Provided data:
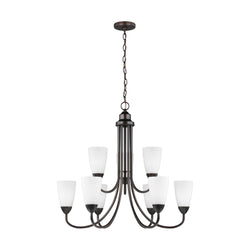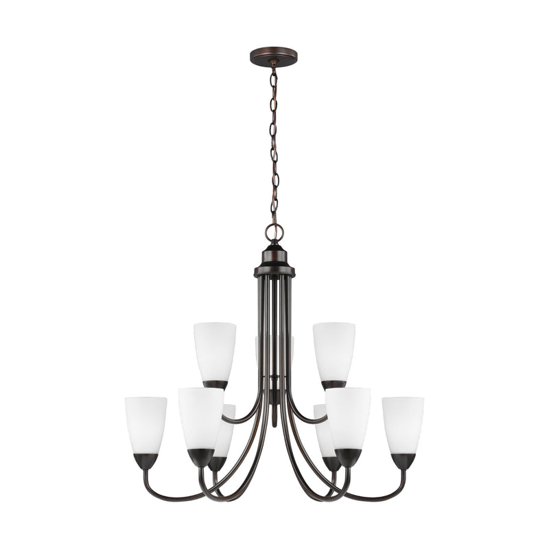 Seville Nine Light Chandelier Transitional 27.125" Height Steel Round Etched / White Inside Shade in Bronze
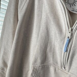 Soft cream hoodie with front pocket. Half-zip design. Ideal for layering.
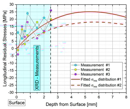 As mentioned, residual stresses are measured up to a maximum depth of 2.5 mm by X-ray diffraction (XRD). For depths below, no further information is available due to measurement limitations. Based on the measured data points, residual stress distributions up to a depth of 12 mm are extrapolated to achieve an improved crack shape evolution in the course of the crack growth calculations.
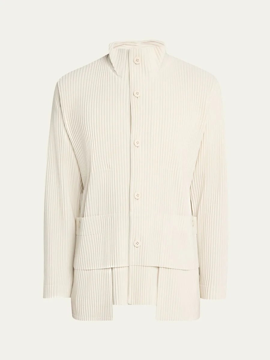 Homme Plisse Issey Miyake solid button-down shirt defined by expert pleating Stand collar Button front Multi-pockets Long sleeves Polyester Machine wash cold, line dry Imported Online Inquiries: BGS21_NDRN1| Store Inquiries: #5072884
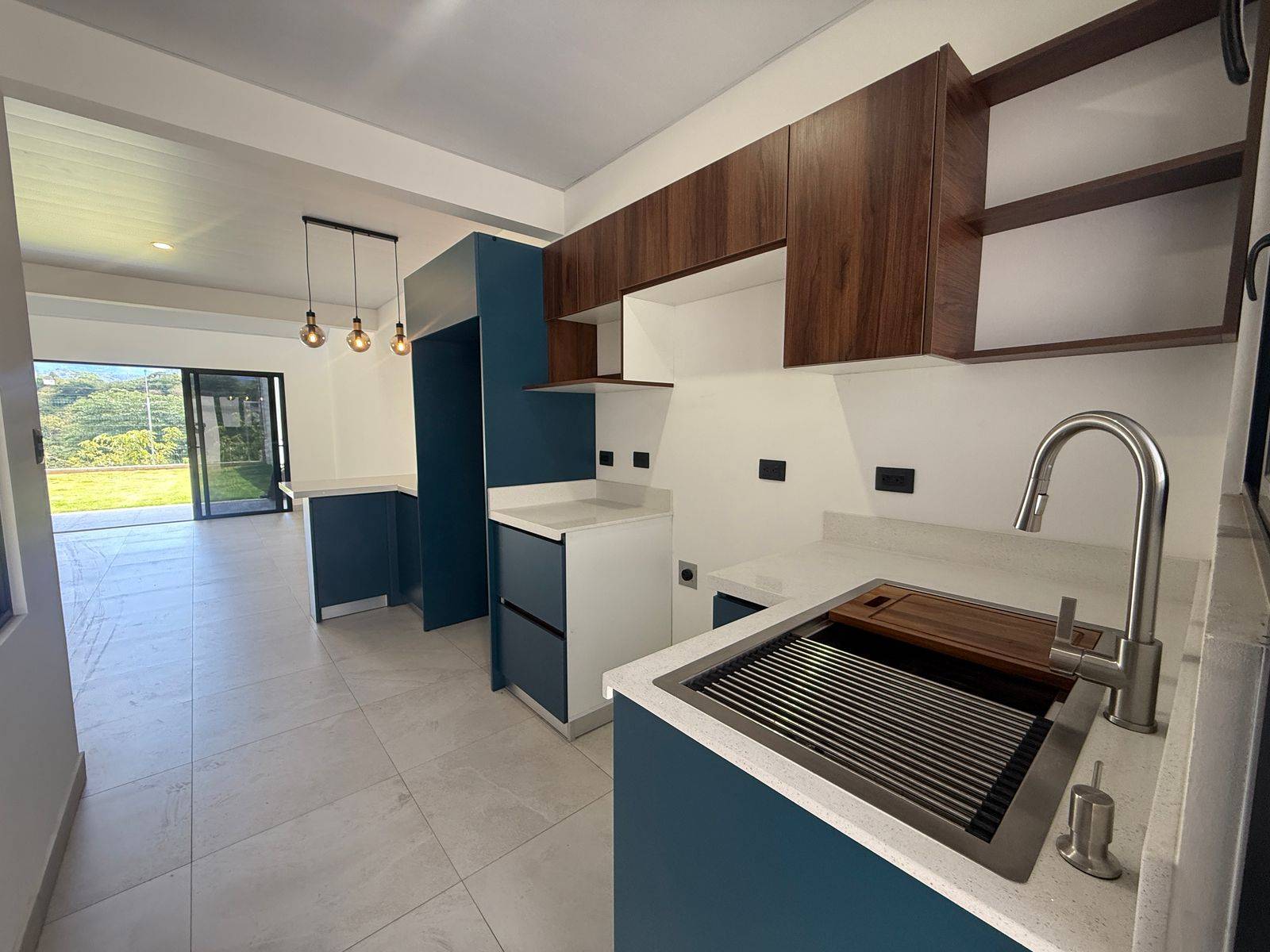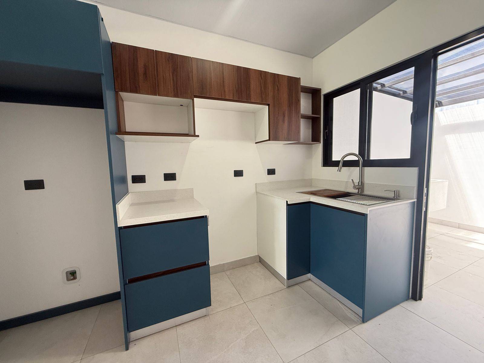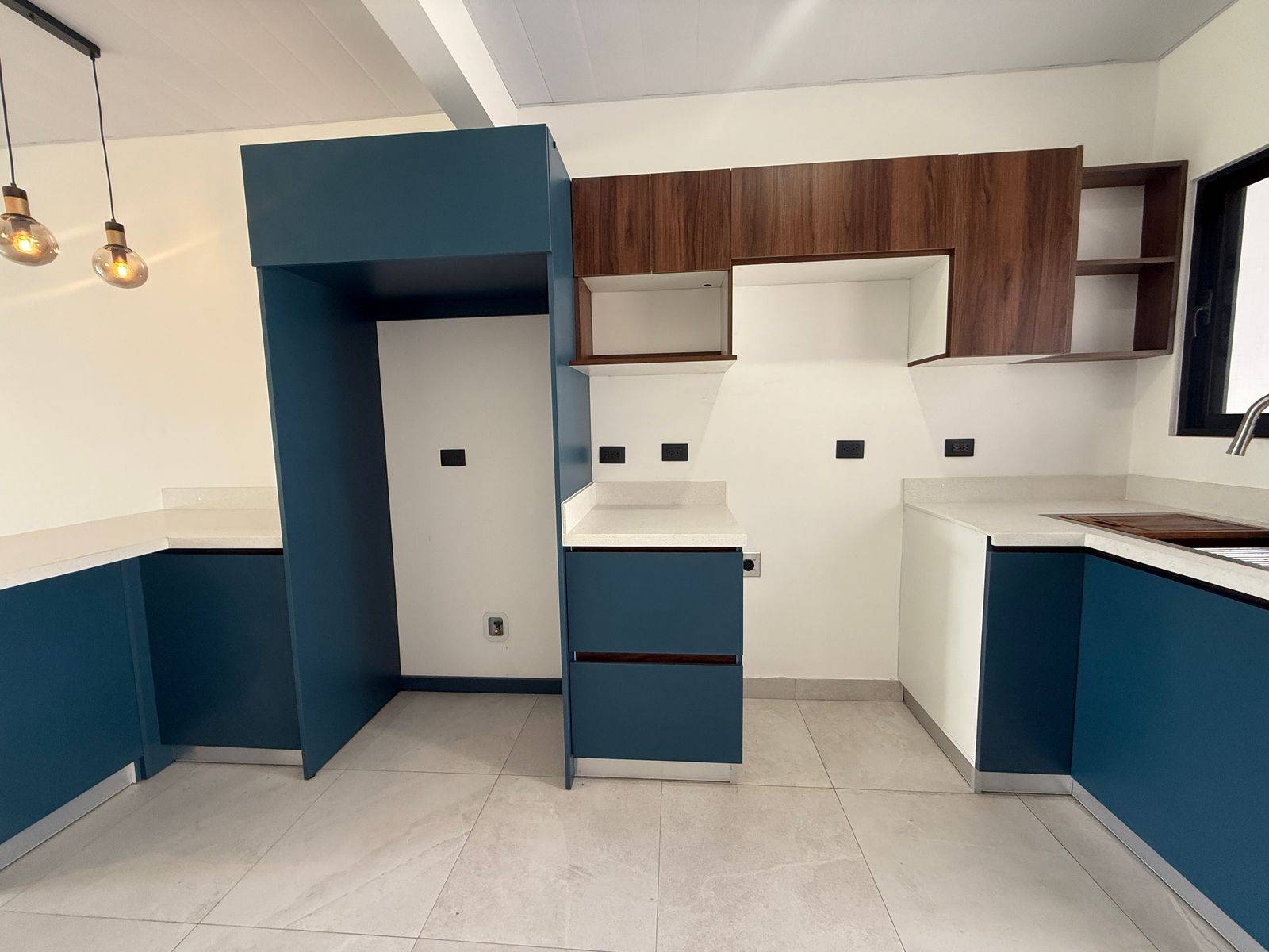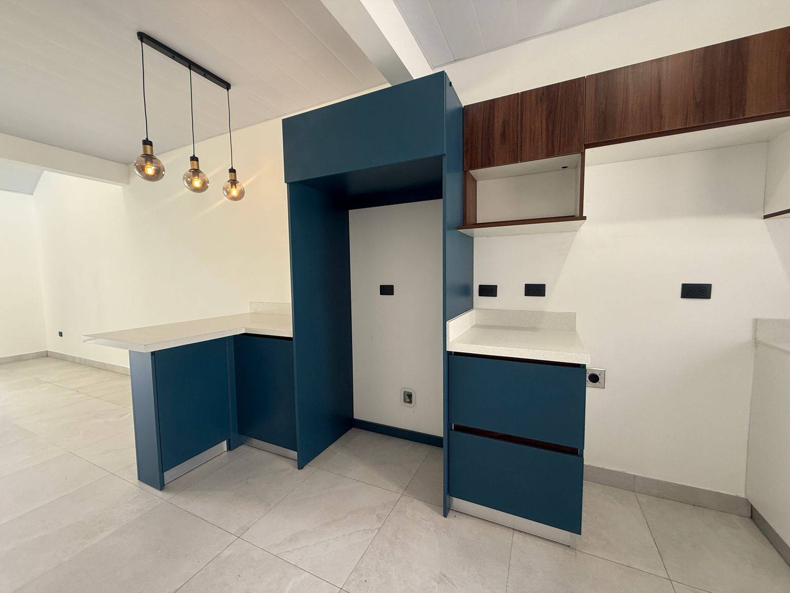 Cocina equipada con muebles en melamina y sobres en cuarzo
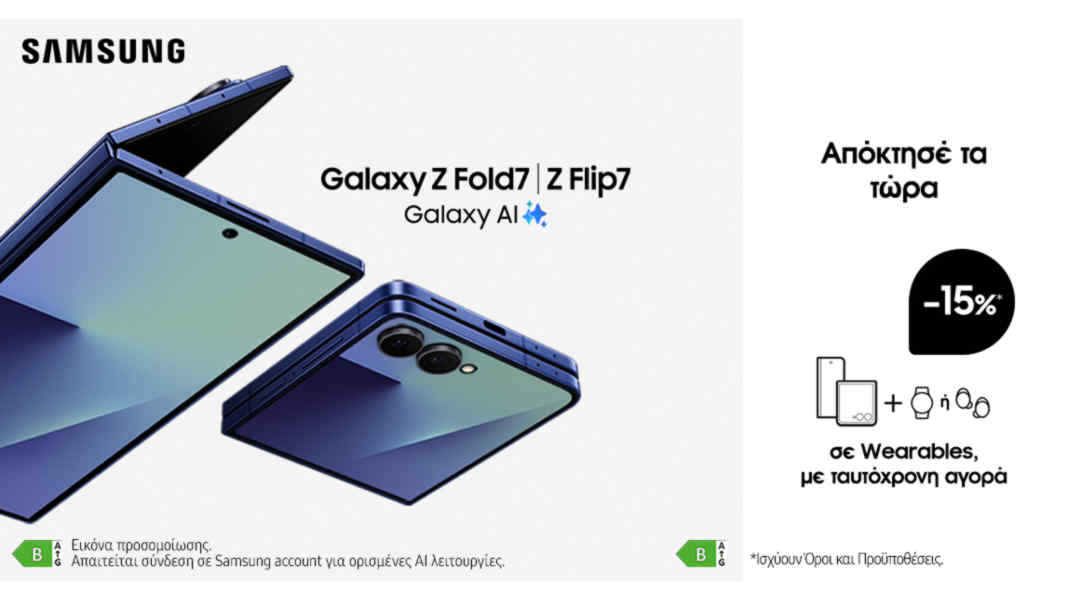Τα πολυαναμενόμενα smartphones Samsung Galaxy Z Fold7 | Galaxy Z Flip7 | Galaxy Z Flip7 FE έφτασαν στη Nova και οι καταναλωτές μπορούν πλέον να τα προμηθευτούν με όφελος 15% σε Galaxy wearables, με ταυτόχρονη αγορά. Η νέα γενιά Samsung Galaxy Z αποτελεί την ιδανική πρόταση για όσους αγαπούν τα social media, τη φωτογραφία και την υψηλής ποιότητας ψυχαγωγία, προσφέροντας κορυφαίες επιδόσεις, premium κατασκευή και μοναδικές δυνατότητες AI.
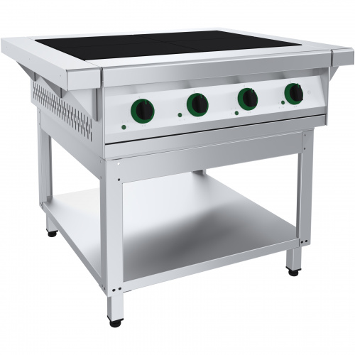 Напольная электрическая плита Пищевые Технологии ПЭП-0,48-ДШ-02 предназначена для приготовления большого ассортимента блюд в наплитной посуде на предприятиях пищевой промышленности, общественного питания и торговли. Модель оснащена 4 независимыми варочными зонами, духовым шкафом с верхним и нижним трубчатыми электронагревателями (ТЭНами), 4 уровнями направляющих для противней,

Activity: Leave out the pictures and repeat the lines from the start of the material through the line with "Soft cream hoodie", inclusive.

Answer box:
 Seville Nine Light Chandelier Transitional 27.125" Height Steel Round Etched / White Inside Shade in Bronze
 Soft cream hoodie with front pocket. Half-zip design. Ideal for layering.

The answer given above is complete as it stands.